■ Your task: Give the lines again exactly as they appear below, from the line with "Offenbach er af" to the line with "Понял, что растению", both included, and only those lines. Leave every picture out.

■ Input for this task:
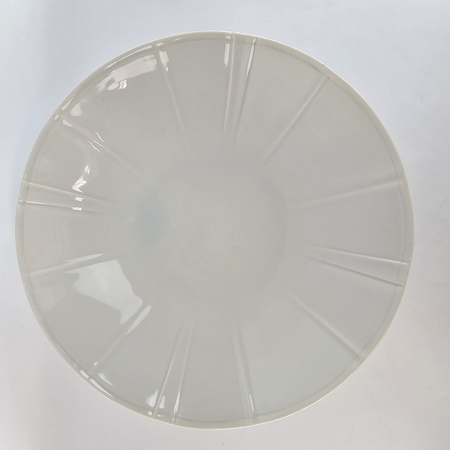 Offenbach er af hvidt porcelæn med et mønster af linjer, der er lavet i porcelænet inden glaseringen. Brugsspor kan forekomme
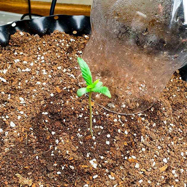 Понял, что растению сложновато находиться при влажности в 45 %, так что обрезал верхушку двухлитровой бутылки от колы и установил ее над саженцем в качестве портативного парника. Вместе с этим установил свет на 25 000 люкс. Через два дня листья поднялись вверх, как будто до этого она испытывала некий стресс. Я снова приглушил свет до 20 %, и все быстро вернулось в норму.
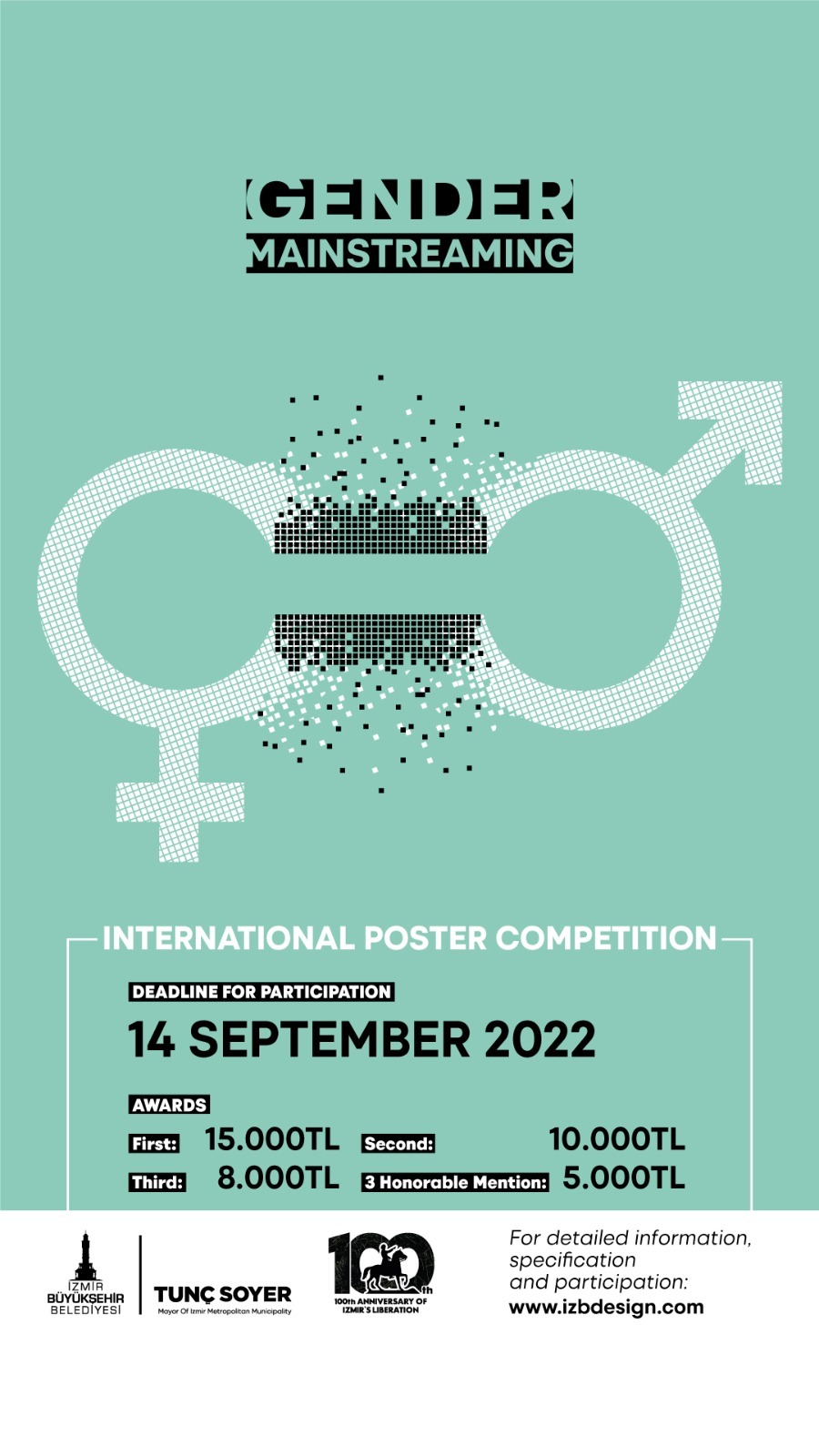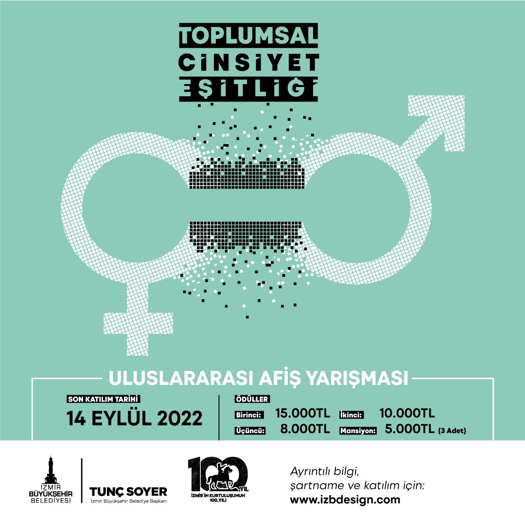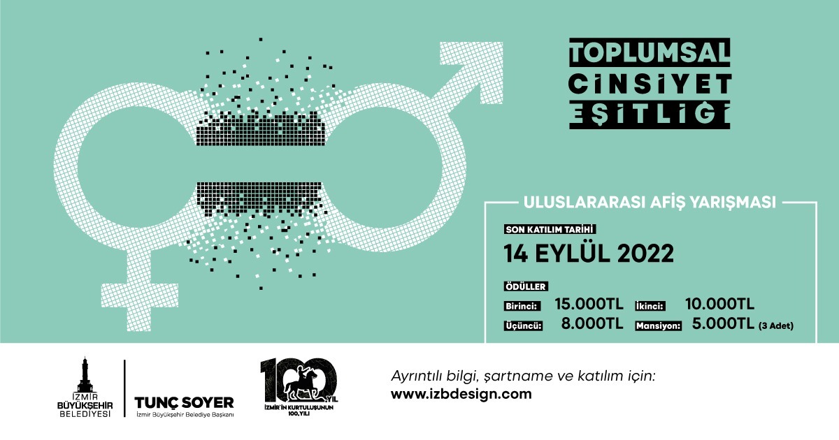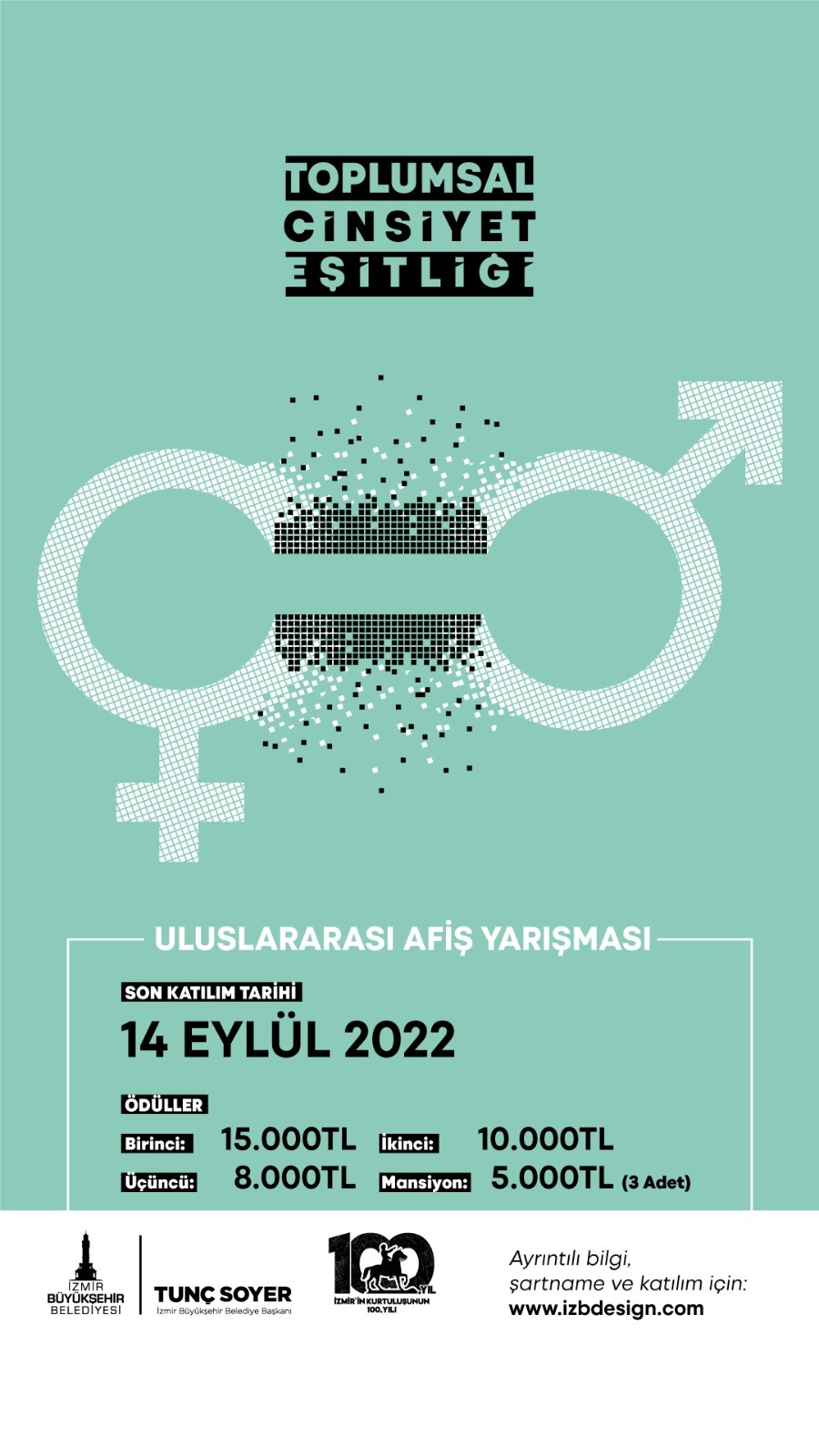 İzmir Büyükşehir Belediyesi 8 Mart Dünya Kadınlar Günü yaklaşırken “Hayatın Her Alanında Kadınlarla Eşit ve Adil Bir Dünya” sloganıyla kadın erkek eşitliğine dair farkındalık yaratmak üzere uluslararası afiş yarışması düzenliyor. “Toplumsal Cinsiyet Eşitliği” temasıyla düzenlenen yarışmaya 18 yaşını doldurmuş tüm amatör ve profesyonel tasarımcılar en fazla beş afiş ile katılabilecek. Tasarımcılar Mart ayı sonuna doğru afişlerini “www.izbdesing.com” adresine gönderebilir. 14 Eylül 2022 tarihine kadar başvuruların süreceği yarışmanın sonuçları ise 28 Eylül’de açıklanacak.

--

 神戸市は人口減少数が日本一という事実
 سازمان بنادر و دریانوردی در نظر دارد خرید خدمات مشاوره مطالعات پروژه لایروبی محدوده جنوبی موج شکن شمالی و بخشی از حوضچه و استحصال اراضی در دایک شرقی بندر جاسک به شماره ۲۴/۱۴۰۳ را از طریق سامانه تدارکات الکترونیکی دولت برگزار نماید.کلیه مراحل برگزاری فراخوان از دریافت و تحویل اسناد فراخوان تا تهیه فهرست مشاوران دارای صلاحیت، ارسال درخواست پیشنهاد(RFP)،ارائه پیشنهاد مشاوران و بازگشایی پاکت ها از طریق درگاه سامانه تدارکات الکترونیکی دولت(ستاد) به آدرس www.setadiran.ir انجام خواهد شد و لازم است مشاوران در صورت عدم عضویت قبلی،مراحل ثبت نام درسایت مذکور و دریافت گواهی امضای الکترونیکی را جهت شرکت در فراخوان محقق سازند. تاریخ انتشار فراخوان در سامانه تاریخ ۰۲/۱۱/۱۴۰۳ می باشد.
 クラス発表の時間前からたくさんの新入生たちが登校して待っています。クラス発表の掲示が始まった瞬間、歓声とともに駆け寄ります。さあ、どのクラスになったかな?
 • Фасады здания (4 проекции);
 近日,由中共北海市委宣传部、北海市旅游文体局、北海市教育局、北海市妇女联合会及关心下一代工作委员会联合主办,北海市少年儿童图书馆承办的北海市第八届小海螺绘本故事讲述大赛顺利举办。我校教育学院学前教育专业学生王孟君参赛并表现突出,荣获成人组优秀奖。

■ Answer to this exercise:
 Offenbach er af hvidt porcelæn med et mønster af linjer, der er lavet i porcelænet inden glaseringen. Brugsspor kan forekomme
 Понял, что растению сложновато находиться при влажности в 45 %, так что обрезал верхушку двухлитровой бутылки от колы и установил ее над саженцем в качестве портативного парника. Вместе с этим установил свет на 25 000 люкс. Через два дня листья поднялись вверх, как будто до этого она испытывала некий стресс. Я снова приглушил свет до 20 %, и все быстро вернулось в норму.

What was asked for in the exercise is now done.